It was a blast, hitting them against the brick wall outside and watching the chalk fly. Later in my school years I recall some sort of machine that would brush the erasers and suck the dust into some vacuum bag.
We loved doing it. But our school had electric eraser cleaners – a rotating brush, sort of like a circular saw, with a vaccum to suck up the dust. You’d run the eraser over the brush and it’d be clean in a minute.
We never swept up that I can recall but once I had to stay in at recess and write “I will not talk in class” 100 times. I think that was 4th grade. That was public school.
I lived close to my elementary school and usually stayed after school to clap erasers and wash the boards. I was a teacher’s pet.
Treat here too. My daughter’s school doesn’t even have chalk boards. I guess it’s a thing of the past.
We had punishments such as having to stand in the front of the classroom holding a dictionary in each hand or getting swatted with a ruler on the knuckles. I never suffered any punishment for any reason in school, being a perfect angel.
Male. Catholic School. 12 Years.
The good girls got to clap erasers. In the spring. Out back. With the June Bugs.
The rest of us got to diagram sentences. Thank Og it wasn’t Hemingway.
Back in Catholic grade school we were supposed to go outside and clap them together. I remember a couple girls getting in big trouble because they opted to pound them against the side of the school on the bricks. The way the nuns carried on you’d think they just spray painted “GOD SUCKS!” on the side of the building. Even thinking back now I have no idea what got them so worked up. It was freakin chalk dust.
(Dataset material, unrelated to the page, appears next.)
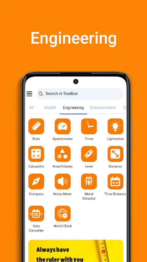 Toolbox contains more than 50 tools, including APK sharing, flashlight, light meter, magnifier, speedometer, timer, heart rate monitor, color detector, ruler, advanced calculator, etc., that you might need on a daily basis.

Yep, clapping erasers was a prize doled out to students eager to go outside and make big clouds of dust (i.e. all of us).
Y’aint figure out what got the nuns all worked up? Pretty much anything that undermined their regime!
:eek: <<< What one’s face would look like upon being grabbed by the ear.
Nah, when I was in grade school the teachers’ preferred method of punishment was to make the entire class suffer for one student’s behavior, thus ensuring that kid got his ass kicked at recess.
:mad:
It was neither a prize nor a punishment when I was at school. Just a task for which all the students were rostered one week per annum.
That’s how I remember it- the old nuns made it seem like a treat for good kids!
Mine too. Plus the school had this vacuum thing designed to help you clean the erasers. It worked great on the wool type erasers, but not so much on the ‘spongy’ type erasers.
You had electricity?!

My school had this, and cleaning was a reward. I only got to do it once or twice but I remember it being awesome. I seem to remember it made a cool noise.
My Catholic grade school had the exact same machine. Yep, as I remember it two students had cleanup duty on a rotating basis on Fridays: erase and sponge down the chalkboards, clean the erasers, straight out the desk rows, empty out the wastebasket into the incinerator chute (still remember the smell, I wonder how much longer after 1985ish the school kept that thing running). Everyone had to do it and it was never assigned as punishment.
It was definitely a treat at my school, but even as a teacher’s pet I only got to do it once or twice. It seemed to be a task that the teacher saved to reward the “bad” boys for being good for a change. Smart teachers!
It wasa reward if you got to do it while other kids were doing yucky school work. It was a (mild) punishment if you had to do it during recess while everyone else had fun.